Optimized photoreduction of CO2 exclusively into methanol utilizing liberated reaction space in layered double hydroxides comprising zinc, copper, and gallium

Abstract

Layered double hydroxides (LDHs), typically comprising Zn, Cu, and Ga, photoreduce CO2 into methanol and CO, however, selective methanol synthesis using CO2 and heterogeneous photocatalyst is very rare. In this study, the amount of interlayer water molecules is reduced to 31% of that for as-synthesized LDHs by preheating the LDHs at 423 K in vacuum, and the performance for CO2 photoreduction using 0–0.28 MPa of CO2 and 0–0.56 MPa of H2 was investigated. If the LDHs are preheated in vacuum and never in contact with air prior to the photoreduction tests, methanol was produced exclusively in all experiments of this study. LDHs comprising inlayer Cu sites were more active compared to [Zn3Ga(OH)8]2CO3·mH2O, [Zn3Ga(OH)8]2Cu(OH)4·mH2O, and [Zn3Ga(OH)8]2Pd(OH)4·mH2O LDHs. A contour plot for methanol formation rates was drawn for the most active [Zn1.5Cu1.5Ga(OH)8]2CO3·mH2O and the volcano top positioned at 0.12 MPa of CO2 and 0.28 MPa of H2; 2.8 μmol-methanol h−1 gcat−1 and the selectivity was >97 mol%-methanol. 13CH3OH formation in the presence of 13CO2 and [Zn1.5Cu1.5Ga(OH)8]2CO3·mH2O confirmed photocatalytic methanol synthesis.
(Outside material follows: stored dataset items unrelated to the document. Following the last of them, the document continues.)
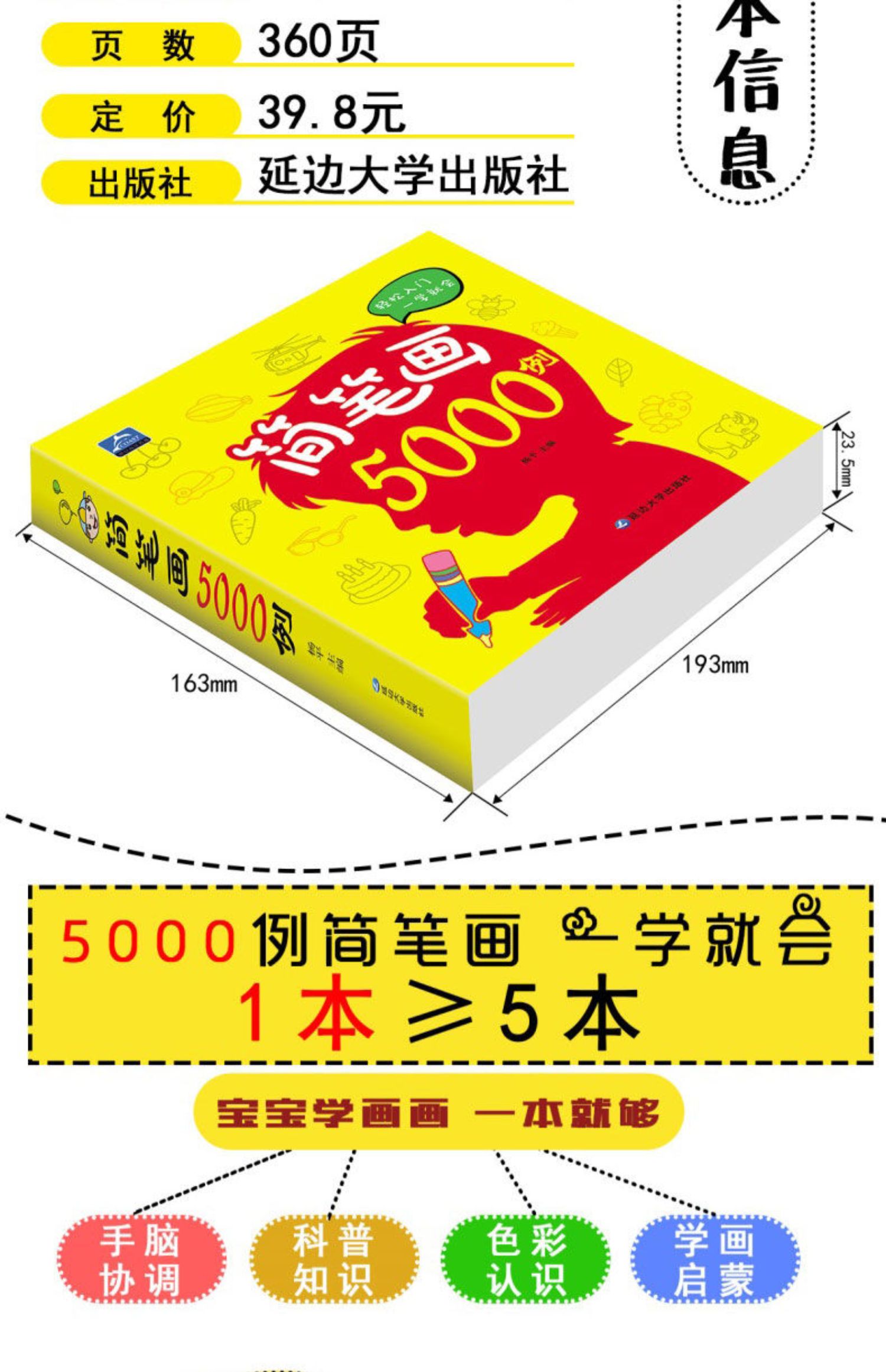 精编版【简笔画绘本5000例,提升孩子智能】海量素材,1本顶10本,360页,超厚超值。含百科知识!动脑学画学知识,儿童美术启蒙必备画册,儿童学画画入门一本就够!让孩子少玩游戏【赠运费险】
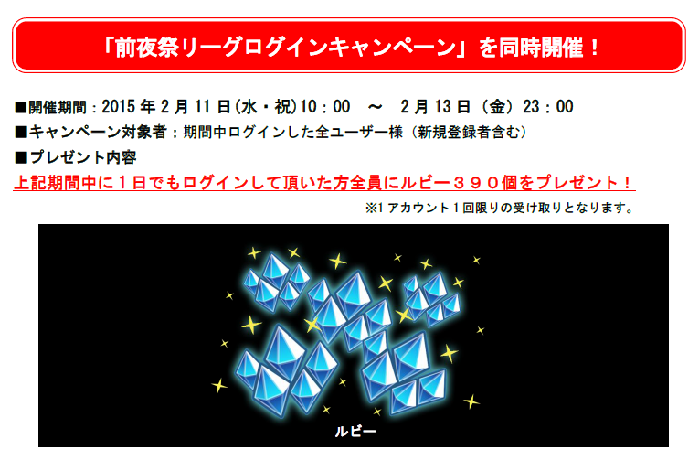 上記期間中に1 日でもログインして頂いた方全員にルビー390個をプレゼント!
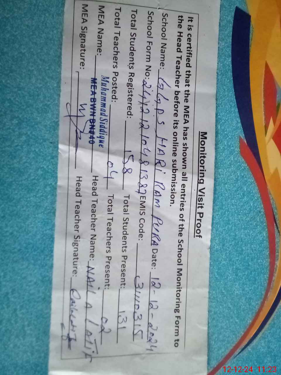 | Attendance Register | Head Teacher | MEA with School | Visit Proof |
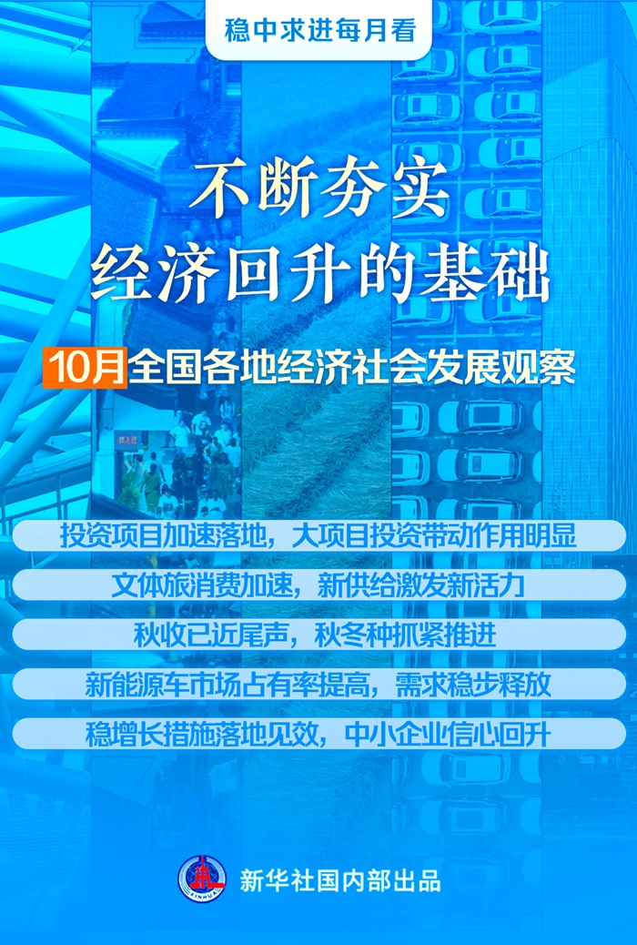 投資項目加快落地、文體旅消費熱度攀升、中小企業(yè)信心回升……隨著一系列政策組合拳加快落地實施,10月份各地加快推進經(jīng)濟社會發(fā)展。進入四季度,各方堅定信心,落實好經(jīng)濟社會發(fā)展各項重點任務,不斷夯實經(jīng)濟回升的基礎,為實現(xiàn)全年發(fā)展目標打下堅實基礎。
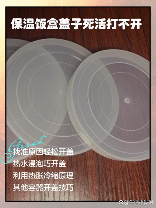〖One〗、第一种方法是使用尖锐物体在盖子上刺一个小洞,让空气进入盒内,这会使内部压力平衡,从而自然打开盖子。第二种方法是将饭盒放入热水中浸泡5『1』0分钟,通过受热膨胀,内部压力增加,盖子也容易打开。但需注意,此方法可能含有致癌物。

Under 0.12 MPa of CO2 and 0.28 MPa of H2, the intensity of the Cu K preedge peak progressively decreased at the rate of 170 μmol-Cu h−1 gcat−1 upon the UV–visible light irradiation for the [Zn1.5Cu1.5Ga(OH)8]2CO3·mH2O LDH, demonstrating photogenerated electron accumulation at the CuII/I sites for subsequent CO2 reduction.